- Born: Scott F. Schenkel
- Education: Virginia Tech
- Occupation: Business executive
- Title: Former interim CEO of eBay
- Term: September 2019 - April 2020
- Predecessor: Devin Wenig
- Successor: Jamie Iannone

= Scott Schenkel =

American business executive

Scott F. Schenkel is an American business executive. He was the interim CEO of eBay from September 2019 through April 2020. Prior to that, he was eBay's Senior Vice President and Chief Financial Officer.

==Early life==
Schenkel earned a bachelor's degree in finance from Virginia Tech.

==Career==
After college, Schenkel joined General Electric's (GE) financial management program, and worked in finance for GE for over 16 years, rising to CFO of GE Healthcare Clinical Systems.
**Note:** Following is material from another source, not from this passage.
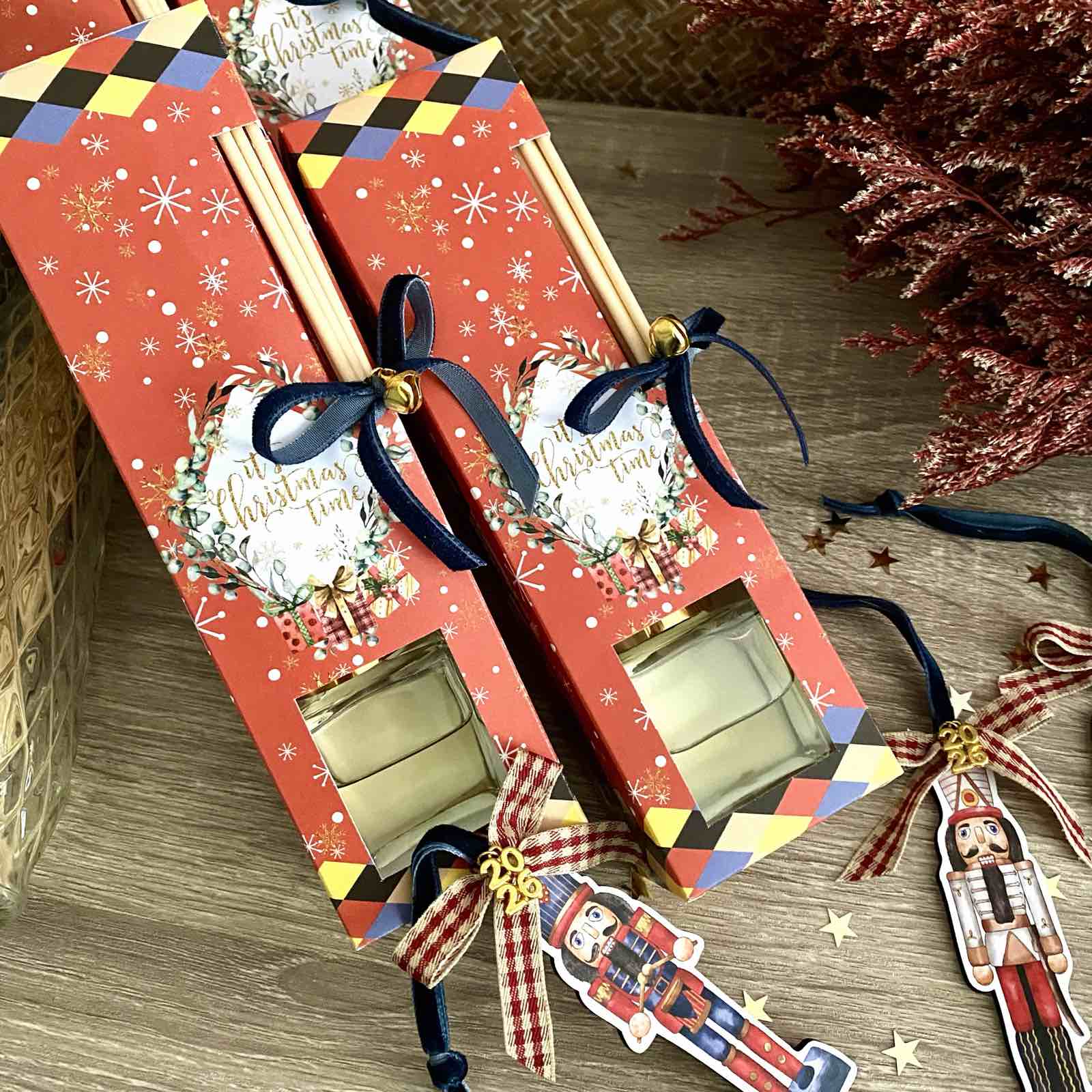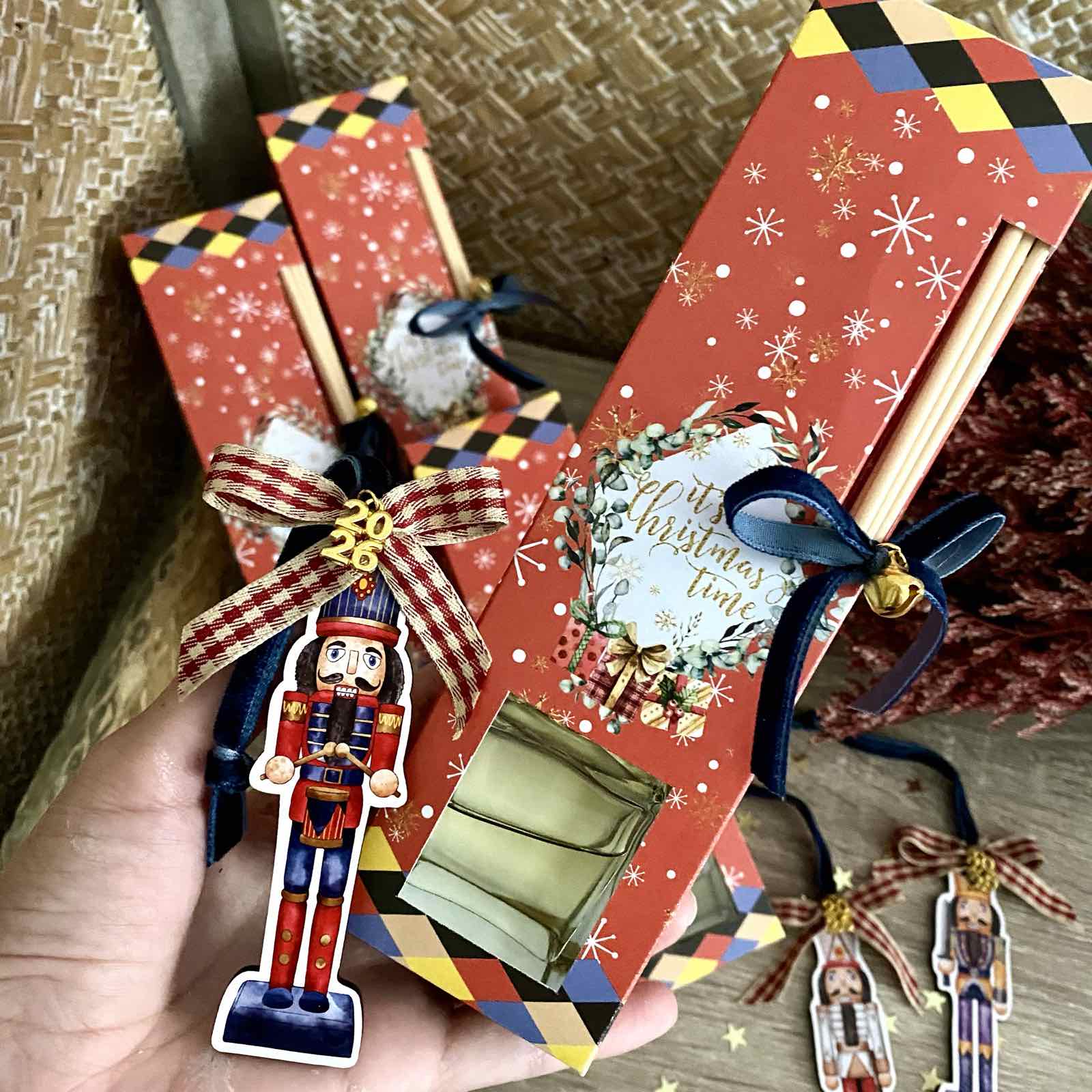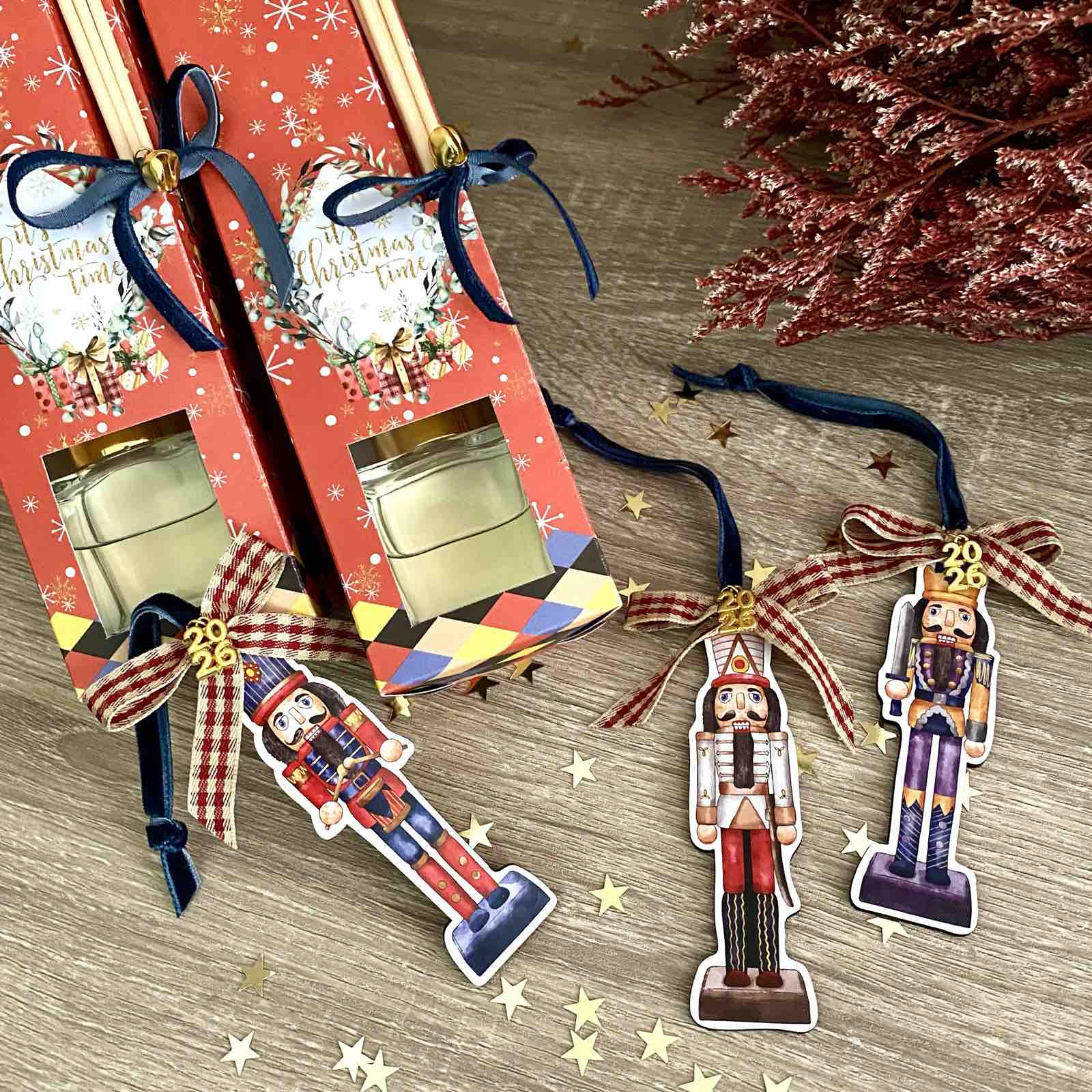 Σετ δώρου με αρωματικό χώρου σανταλόξυλο 50ml και ξύλινο γουράκι καρυοθραύστης μέσα σε χριστουγεννιάτικο κουτάκι με θέμα τον καρυοθραύστη.

Schenkel joined eBay from GE in 2007. Before becoming CFO of eBay, Schenkel had been senior vice president and CFO of eBay Marketplaces for over six years.
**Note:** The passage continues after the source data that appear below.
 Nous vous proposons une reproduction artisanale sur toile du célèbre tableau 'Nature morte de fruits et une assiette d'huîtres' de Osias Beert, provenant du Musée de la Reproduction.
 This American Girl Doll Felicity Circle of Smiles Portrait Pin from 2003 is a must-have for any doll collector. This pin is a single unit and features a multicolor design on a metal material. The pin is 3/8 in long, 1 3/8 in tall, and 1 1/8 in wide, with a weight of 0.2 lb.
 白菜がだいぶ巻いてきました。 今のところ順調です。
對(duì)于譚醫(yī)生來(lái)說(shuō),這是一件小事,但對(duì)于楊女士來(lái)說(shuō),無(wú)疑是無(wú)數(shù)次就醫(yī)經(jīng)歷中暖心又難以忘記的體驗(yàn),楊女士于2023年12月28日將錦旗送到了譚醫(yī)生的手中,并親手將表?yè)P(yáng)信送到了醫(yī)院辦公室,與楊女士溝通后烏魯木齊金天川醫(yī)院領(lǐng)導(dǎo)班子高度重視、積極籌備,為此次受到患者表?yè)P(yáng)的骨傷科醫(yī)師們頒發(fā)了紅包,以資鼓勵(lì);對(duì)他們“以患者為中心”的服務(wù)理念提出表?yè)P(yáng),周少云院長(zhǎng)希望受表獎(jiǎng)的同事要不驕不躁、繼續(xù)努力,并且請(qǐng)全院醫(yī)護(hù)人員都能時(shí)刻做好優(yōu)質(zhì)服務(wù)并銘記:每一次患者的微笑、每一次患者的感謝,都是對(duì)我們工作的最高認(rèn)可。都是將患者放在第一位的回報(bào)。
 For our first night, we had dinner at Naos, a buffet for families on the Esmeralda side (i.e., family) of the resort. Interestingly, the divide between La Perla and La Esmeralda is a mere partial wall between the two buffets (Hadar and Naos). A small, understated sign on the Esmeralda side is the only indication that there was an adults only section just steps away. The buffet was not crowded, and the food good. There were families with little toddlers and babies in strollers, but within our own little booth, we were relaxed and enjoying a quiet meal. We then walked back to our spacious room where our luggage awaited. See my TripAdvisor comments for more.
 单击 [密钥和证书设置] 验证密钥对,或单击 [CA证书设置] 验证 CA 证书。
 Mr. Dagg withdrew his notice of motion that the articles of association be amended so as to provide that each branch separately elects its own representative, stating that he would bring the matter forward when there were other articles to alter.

On September 25, 2019, it was announced that Devin Wenig would be stepping down as ebay's CEO, and that Schenkel, senior vice president and chief financial officer since 2015, had been appointed as the interim CEO. He was eventually replaced by Jamie Iannone.

==Personal life==
Schenkel is a keen baseball fan and enjoys skiing, mountain biking, and golf.